Fatal airplane crash in Brazil

On 16 September 2023, an Embraer 110 Bandeirante of Manaus Aerotáxi crashed on approach. The crash occurred as the aircraft was attempting to land at Barcelos Airport while performing a go-around, killing all 14 occupants on board. All the occupants on board were tourists going to a fishing competition in Rio Negro.

==Background==
The accident took place during the high rainy season.

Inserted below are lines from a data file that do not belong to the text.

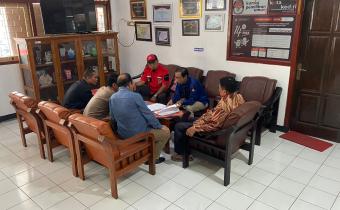 Kota Kediri, 26 September 2023. Ketua Badan Pengawas Pemilihan Umum (Bawaslu) Kota Kediri, Yudi Agung Nugraha, dengan penuh semangat meresmikan Program Kerja Mahasiswa (PKM) di Bawaslu Kota Kediri.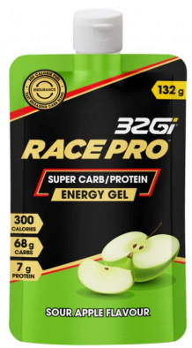 32Gi® Race Pro 300 Gel offers a high-calorie energy boost in a single sachet, providing the equivalent of three standard gels. Whether for training or racing, this gel helps improve performance without compromising on long-lasting energy. It contains a premium blend of rapidly absorbing and stable carbohydrates, including Cluster Dextrin™, to fuel the body quickly and sustain energy levels throughout the effort. The added protein supports muscle recovery and helps stabilise energy, reducing the risk of fatigue during extended activity.Designed for digestive comfort, the gel minimises the chance of stomach discomfort, making it easy to consume during intense or long-duration events. Perfect for endurance athletes, the resealable packaging ensures convenience during ultra-marathons, triathlons, or stage races. Free from artificial additives, sweeteners, and colours, it is a clean, WADA-compliant option for athletes seeking reliable, high-quality energy. Features - High-Calorie Energy: Delivers the equivalent energy of three standard gels in one sachet, improving efficiency during training or racing. - Immediate and Sustained Energy: Formulated with a blend of fast-absorbing and stable carbohydrates, providing both quick energy and long-lasting fuel. - Premium Carbohydrate Blend: Includes Cluster Dextrin™ for enhanced carbohydrate absorption, ensuring rapid energy supply within moments of consumption. - Protein for Muscle Support: Contains high-quality, easily absorbed protein to stabilise energy and reduce muscle fatigue. - Digestive Comfort: Designed to minimise the risk of gastric distress, making it gentle on the stomach during intense physical activity. - Resealable Packaging: Conveniently designed for long endurance events, such as ultra-marathons and long-course triathlons, allowing for easy storage and use. - WADA Compliant: Free from banned substances, ensuring compliance with anti-doping regulations for competitive athletes. - No Artificial Additives: Contains no artificial sweeteners, colours, or additives, providing a clean, natural energy source. - Ideal for Endurance Athletes: A reliable energy source for athletes participating in long-duration activities like stage racing and ultra-endurance events.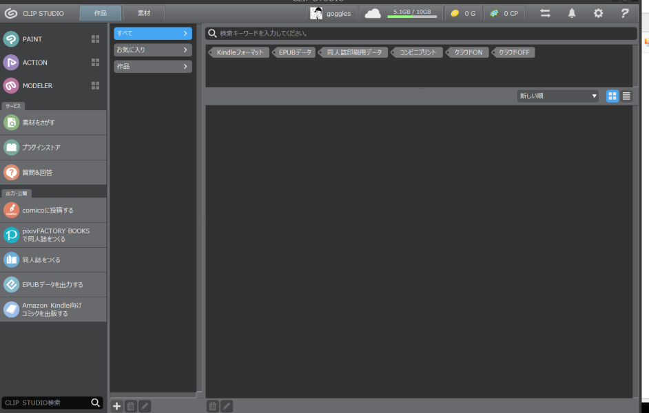 ・新規に1ページの作品を作成し、保存して、CLIP STUDIOの作品一覧で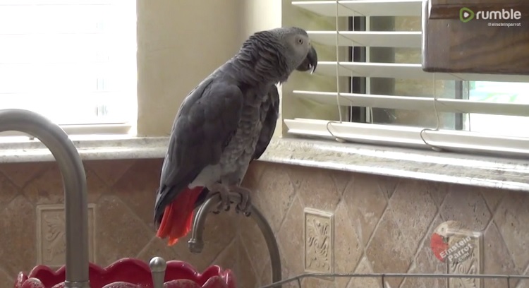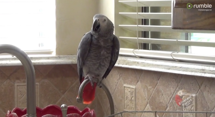 In this case, Einstein was on his favorite perch on the kitchen faucet when he espied a squirrel playing in the oak tree. Peering outside, he comments, looks at the squirrels, then tells them to turn around. He then states that he wants to go and see the animal! To top it all off, he even made that chirping or barking sound that squirrels make sometimes.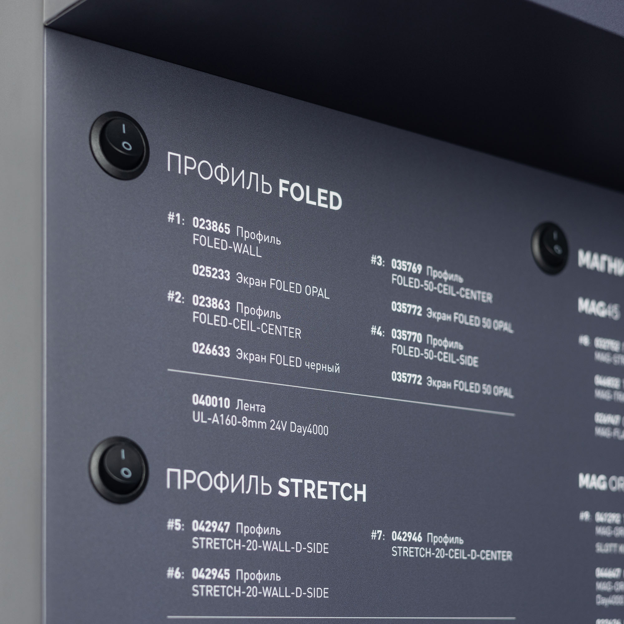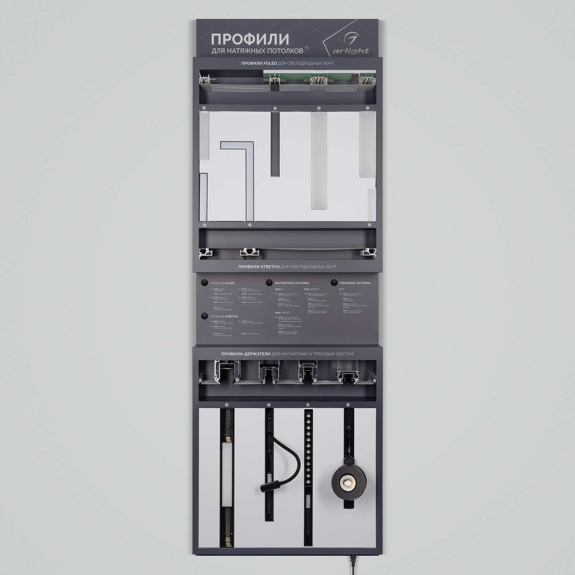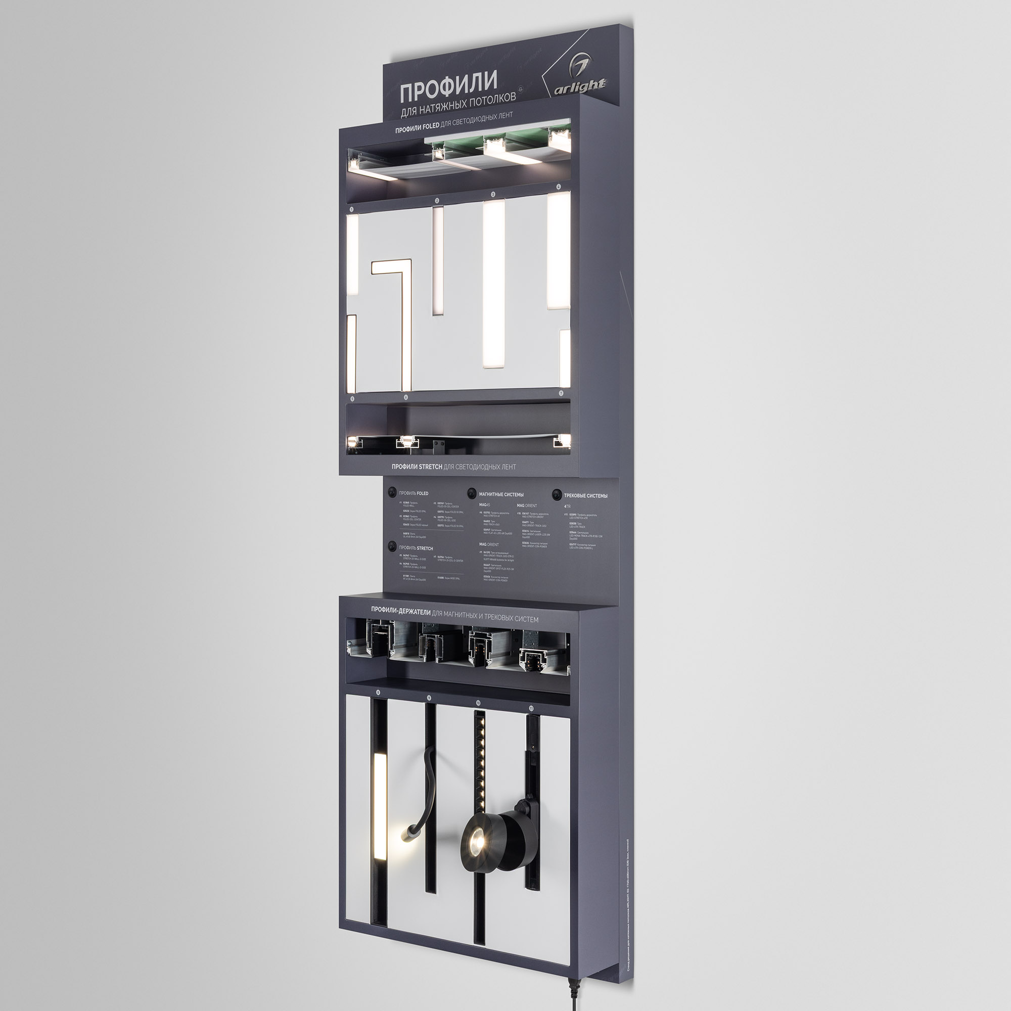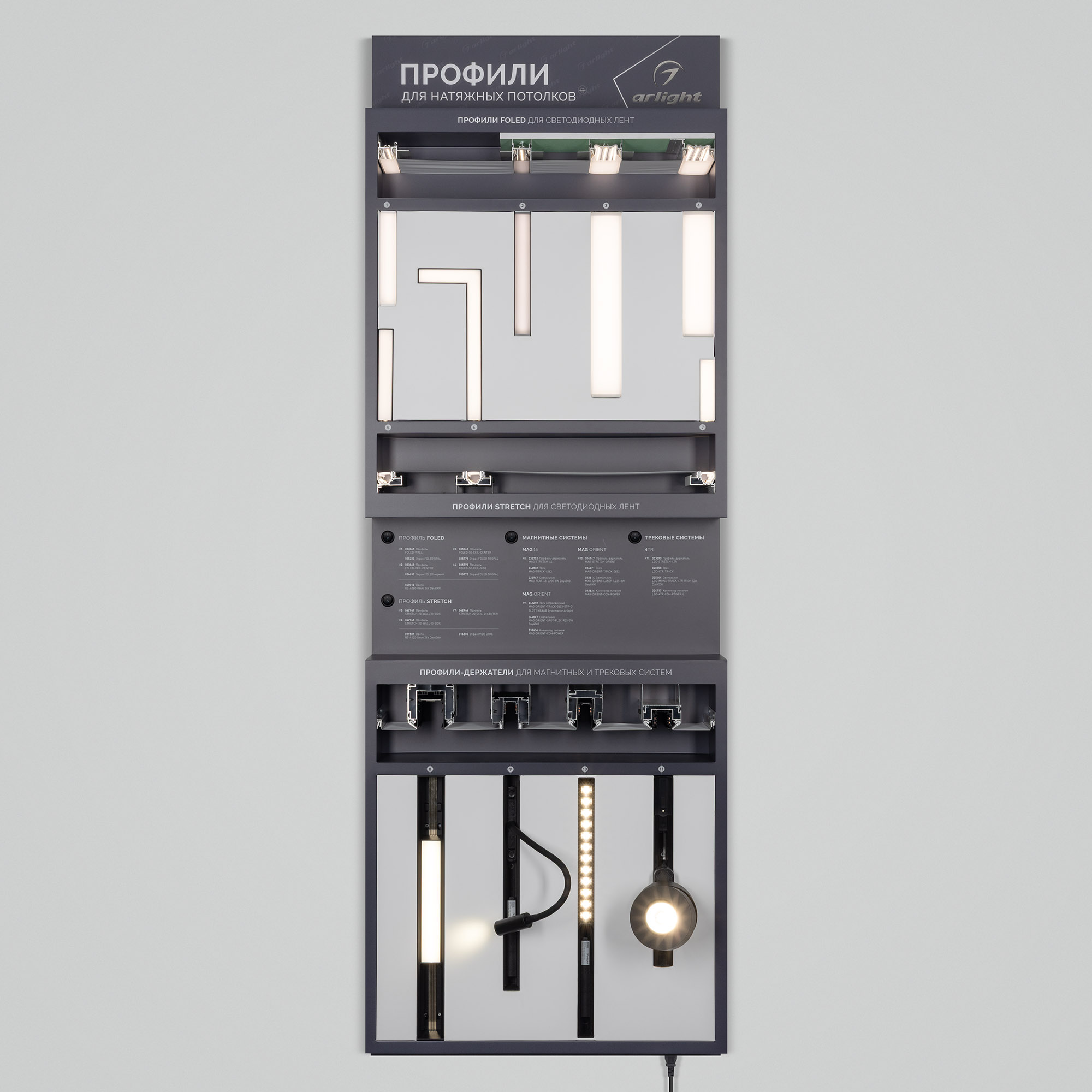 На стенде представлен ассортимент профилей Arlight для натяжных потолков: Профиль серии FOLED, совмещающий в своей конструкции каркас для крепления натяжного потолка из ПВХ, гипсокартона и профиль для установки светодиодной ленты. Серия STRETCH с шириной световой линии 22 мм подходит для создания центральной и боковой линии света в натяжных потолках из ткани и ПВХ. Профиль-держатель MAG STRETCH для установки магнитных треков в натяжной потолок. Материал корпуса стенда - алюкобонд 3 мм, пленка, печать.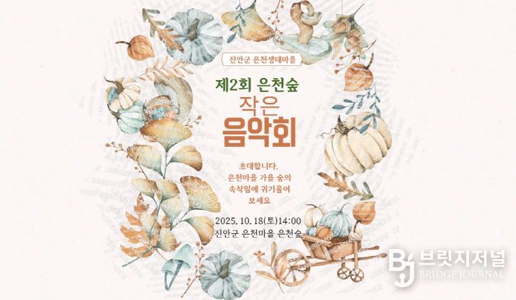 브릿지저널 윤나영 기자 | 진안군은 오는 18일 오후 2시~4시까지 은천생태마을 숲에서 ‘두 번째 은천숲 작은 음악회’가 열린다고 밝혔다.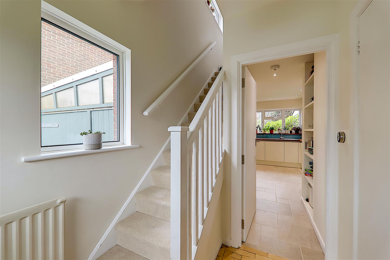 Herringbone wood floor. Double glazed window. Radiator. Wall mounted thermostat control. Recessed cupboard. Staircase rising to first floor.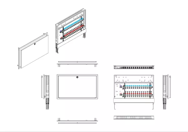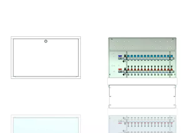Anschlussstation für Flächenheizung und -kühlung, im Unterputzschrank montierter Edelstahlverteiler mit absperrbarem Durchflussanzeigern und Ventileinsätzen für EGO-Schnellverschluss, horizontale Anschlussgarnitur ohne Wärmezählerverrohrung. Platzhaltung für Klemmleiste und EGO-Regelantriebe.

Barcelos is known for ecotourism activities, particularly fishing, and it is one of the main sport fishing destinations in Brazil.

== Accident ==
The aircraft was on final approach after an aborted landing and an attempt to go-around in heavy rain and bad weather conditions when it crashed into an embankment short of the runway. All the occupants on board the aircraft died. There was no post-crash fire.

Early reports stated that American citizens were among the victims; later reports stated that all the passengers were Brazilians.

Due to the bad weather, other airplanes that approached the airport at around the same time returned to Manaus.

== Aircraft ==
The aircraft involved in the accident was an Embraer 110 Bandeirante with registration PT-SOG, built in 1991 with serial number 110490.

The EMB-110P1 is powered by two PT6A-34 turboprop engines produced by Canadian manufacturer Pratt & Whitney Canada.

==Investigation==
An investigation is launched into the cause of the accident. The bodies were taken to Manaus for formal identification.